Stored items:
━━━━

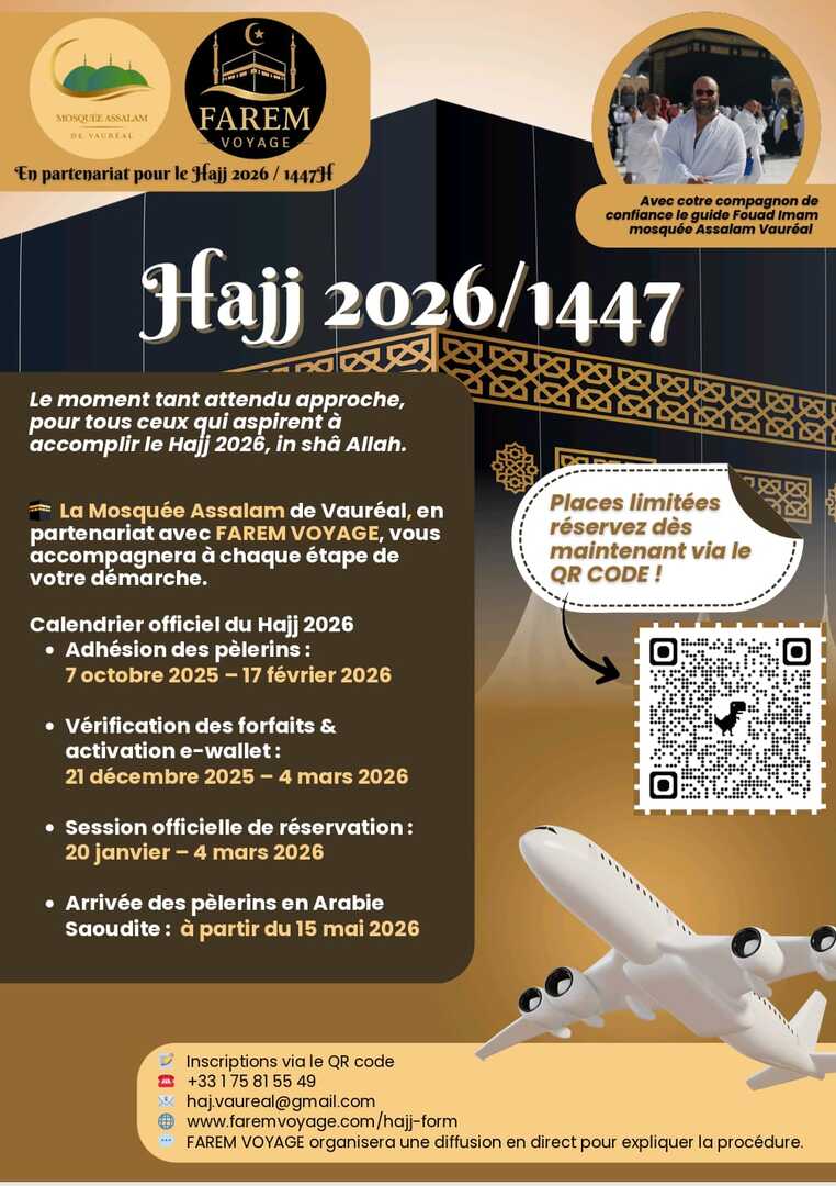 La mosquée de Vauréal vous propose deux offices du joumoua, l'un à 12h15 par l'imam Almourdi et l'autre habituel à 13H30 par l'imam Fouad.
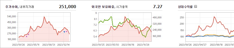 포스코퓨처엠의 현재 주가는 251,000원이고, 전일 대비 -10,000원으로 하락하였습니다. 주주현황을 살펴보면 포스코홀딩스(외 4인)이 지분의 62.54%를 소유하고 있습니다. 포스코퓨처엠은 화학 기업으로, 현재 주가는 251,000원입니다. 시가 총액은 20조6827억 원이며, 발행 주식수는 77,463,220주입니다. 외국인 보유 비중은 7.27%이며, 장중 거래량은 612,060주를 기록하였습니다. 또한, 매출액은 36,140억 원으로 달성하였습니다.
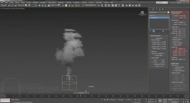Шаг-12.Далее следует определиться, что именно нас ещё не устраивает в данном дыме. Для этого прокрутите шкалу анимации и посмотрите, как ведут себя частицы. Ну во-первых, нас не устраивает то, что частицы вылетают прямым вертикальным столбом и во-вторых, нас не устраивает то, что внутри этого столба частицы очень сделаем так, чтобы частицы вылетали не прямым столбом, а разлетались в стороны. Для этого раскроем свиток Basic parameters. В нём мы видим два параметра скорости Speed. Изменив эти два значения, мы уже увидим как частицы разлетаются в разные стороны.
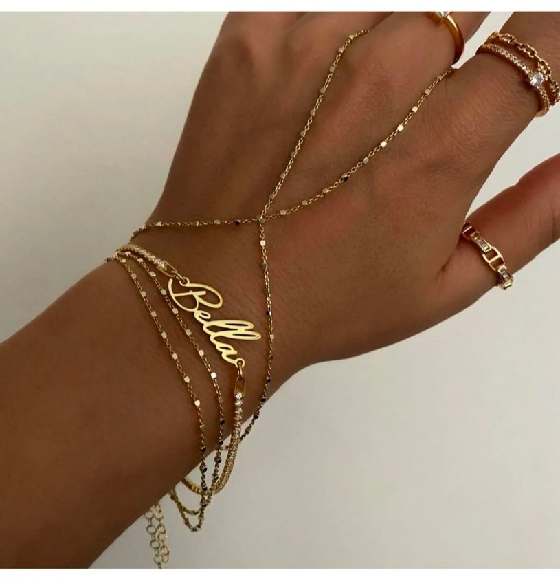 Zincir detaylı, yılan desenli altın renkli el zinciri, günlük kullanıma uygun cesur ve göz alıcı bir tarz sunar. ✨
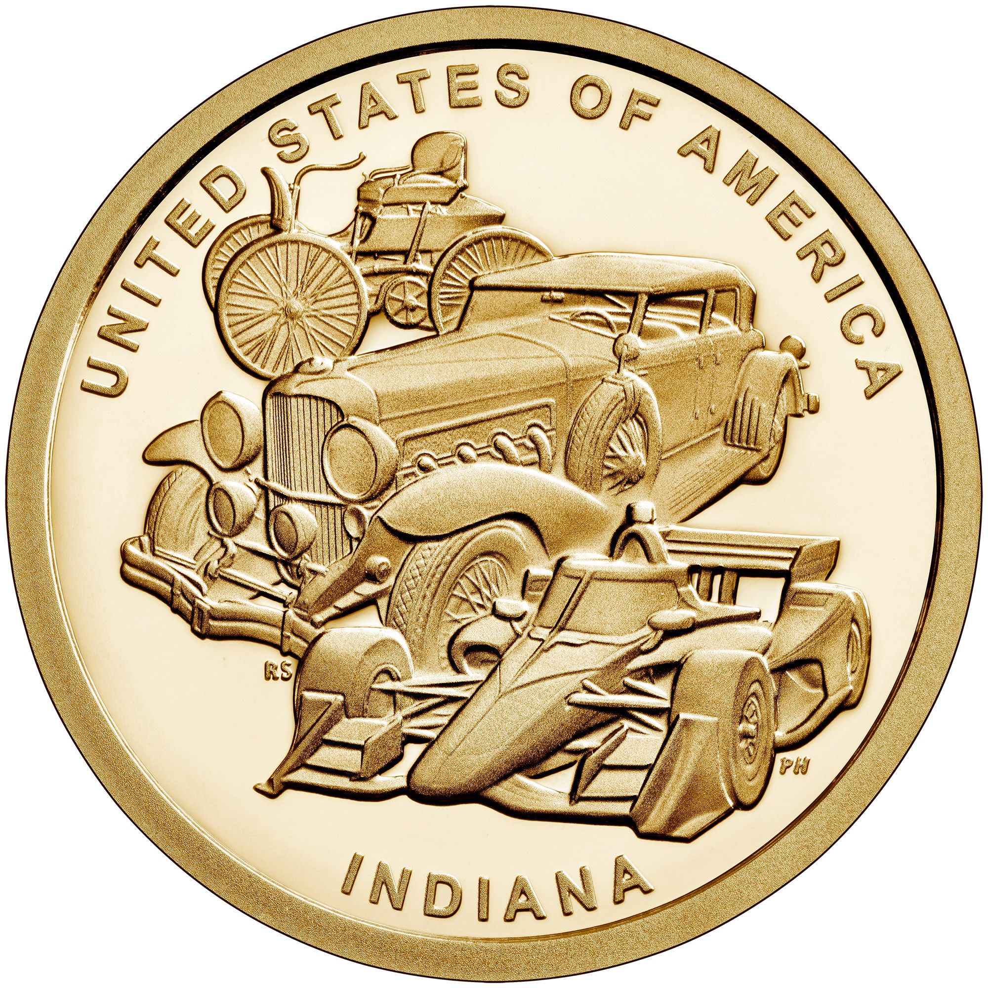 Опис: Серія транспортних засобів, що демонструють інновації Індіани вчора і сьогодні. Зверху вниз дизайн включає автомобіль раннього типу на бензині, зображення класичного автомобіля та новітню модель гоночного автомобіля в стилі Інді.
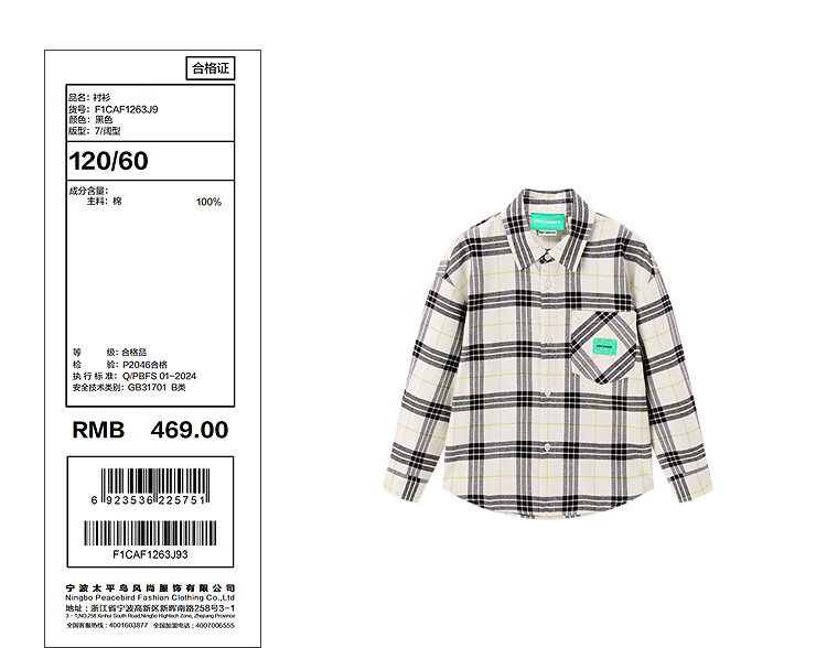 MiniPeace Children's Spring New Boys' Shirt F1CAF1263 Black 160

━━━━

Print the data above verbatim from the first line through the line holding "포스코퓨처엠의 현재 주가는", leaving every picture out.

--- Output ---
 La mosquée de Vauréal vous propose deux offices du joumoua, l'un à 12h15 par l'imam Almourdi et l'autre habituel à 13H30 par l'imam Fouad.
 포스코퓨처엠의 현재 주가는 251,000원이고, 전일 대비 -10,000원으로 하락하였습니다. 주주현황을 살펴보면 포스코홀딩스(외 4인)이 지분의 62.54%를 소유하고 있습니다. 포스코퓨처엠은 화학 기업으로, 현재 주가는 251,000원입니다. 시가 총액은 20조6827억 원이며, 발행 주식수는 77,463,220주입니다. 외국인 보유 비중은 7.27%이며, 장중 거래량은 612,060주를 기록하였습니다. 또한, 매출액은 36,140억 원으로 달성하였습니다.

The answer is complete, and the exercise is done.